Me and Earl and the Dying Girl (Alfonso Gomez-Rejon, 2015)
There’s a scene towards the end of Me and Earl and the Dying Girl when Greg (Thomas Mann) goes into Rachel Kushner’s (Olivia Vooke) bedroom through the window. This was somewhat of a relief to me, since I was getting worried about Gregg’s use of the front door. Admittedly, it’s necessary that he go via Denise Kushner (Molly Shannon). The teen bedroom is that curious private/public space, the first space a teen owns and yet on sufferance of the parents. (At one point Greg threatens to look through his parents’ things in their bedroom; his father (Nick Offerman) warns him there would be a lot of tampons.) Erika Pearson, discussing the online presence of the typical teen, refers to the glass bedroom:
Inside the bedroom, private conversations and intimate exchanges occur, each with varying awareness of distant friends and strangers moving past transparent walls that separate groups from more deliberate and constructed ‘outside’ displays. The glass bedroom itself is not an entirely private space, nor a true backstage space as Goffman articulated, though it takes on elements of both over the course of its use. It is a bridge that is partially private and public, constructed online through signs and language
In the teen drama the identity is constructed in the actual bedroom (and the high school), although it is not necessarily a sexualised space. Greg here makes a big deal of not falling in love with Rachel, as well as his masturbatory habits. But, like the vampire, he also needs to be invited in.

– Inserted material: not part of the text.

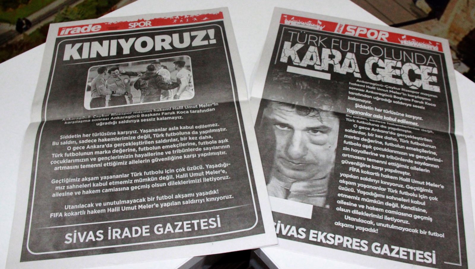 Sivas Ekspres Gazetesi ise, ‘Türk futbolunda kara gece! Yaşananlar asla kabul edilemez’ başlığını kullandı.

Rachel has leukaemia. Greg’s mother (Connie Britton) has ordered Greg — awkward, dorky, self-loathing — to go to talk to her and be a friend, whether either rof them like it or not. Both Rachel and Greg are those kind of lovable, wiser-than-their-years, square-pegs-in-round-holes that Kevin Williamson put on the TV map in Dawson’s Creek (and Whedon did in Buffy the Vampire Slayer) and are obviously film films because, hey, we are watching a film. Remember cinema is narcissistic (see The Wolfpack) and Gregg not only likes films, he makes his own versions with his “co-worker” Earl (Ronald Cyler II). He likes Les quatre cents coups (The 400 Blows (François Truffaut, 1959)) and Taxi Driver (Martin Scorses, 1976) and Burden of Dreams (Les Blank, 1982) and the works of Powell and Pressburger and the two have made their own versions of forty films. (I hope the DVD will have these on.)
And so Earl and Gregg are persuaded to make a film for Rachel as she is dying — but Greg can’t quite work out how to do so as his present (a carefully cultivated neutrality at school) and future (university) begin to disintegrate.
The bittersweet nature of the film is balanced by a degree of whimsy — I knew I recognised the name of production company Indian Paintbrush and on checking they produced The Darjeeling Limited (Wes Anderson, 2007), Fantastic Mr. Fox (Wes Anderson, 2009) and The Grand Budapest Hotel (Wes Anderson, 2014), among others. I assume the animation expertise from some of those films is part of the talent here. It is perhaps shamelessly manipulative of our emotions.
It also offers a commentary on race in America, although I suspect it bodges it. Earl is African American and lives in a poorer part of town (there’s a factory or plant in the back of shot), Greg is WASP and Rachel is Jewish (there’s a minora carefully visible in more or less the first shot of her house). Difference is not shirked, but there is a risk that Earl will become the magical negro that Hollywood loves. He does, however, perceive Rachel as white. I suspect the minor characters are less diverse in their identities.
(It’s only now, a day afterwards, that I’m thinking of Robin Wood’s account of the interracial buddies (and Leslie Fiedler’s version in Love and Death in the American Novel) that I wonder whether the true love story is of me and Earl — with the dying girl as the heteronormative alibi. In their version of Midnight Cowboy (John Schlesinger, 1969) there is a distinctly eroticised shot of Earl.)
Meanwhile the film is stolen by Nick Offerman as Greg’s father, a sociology professor, and by Jon Bernthal as Mr. McCarthy, a history teacher, both of whom are clearly Greg’s male role models and are associated with strange food. Make of that what you will.
- Hicks, Heather J. (2003) “Hoodoo Economics: White Men’s Work and Black Men’s Magic in Contemporary American Film”, Camera Obscura 18(2): 27-55.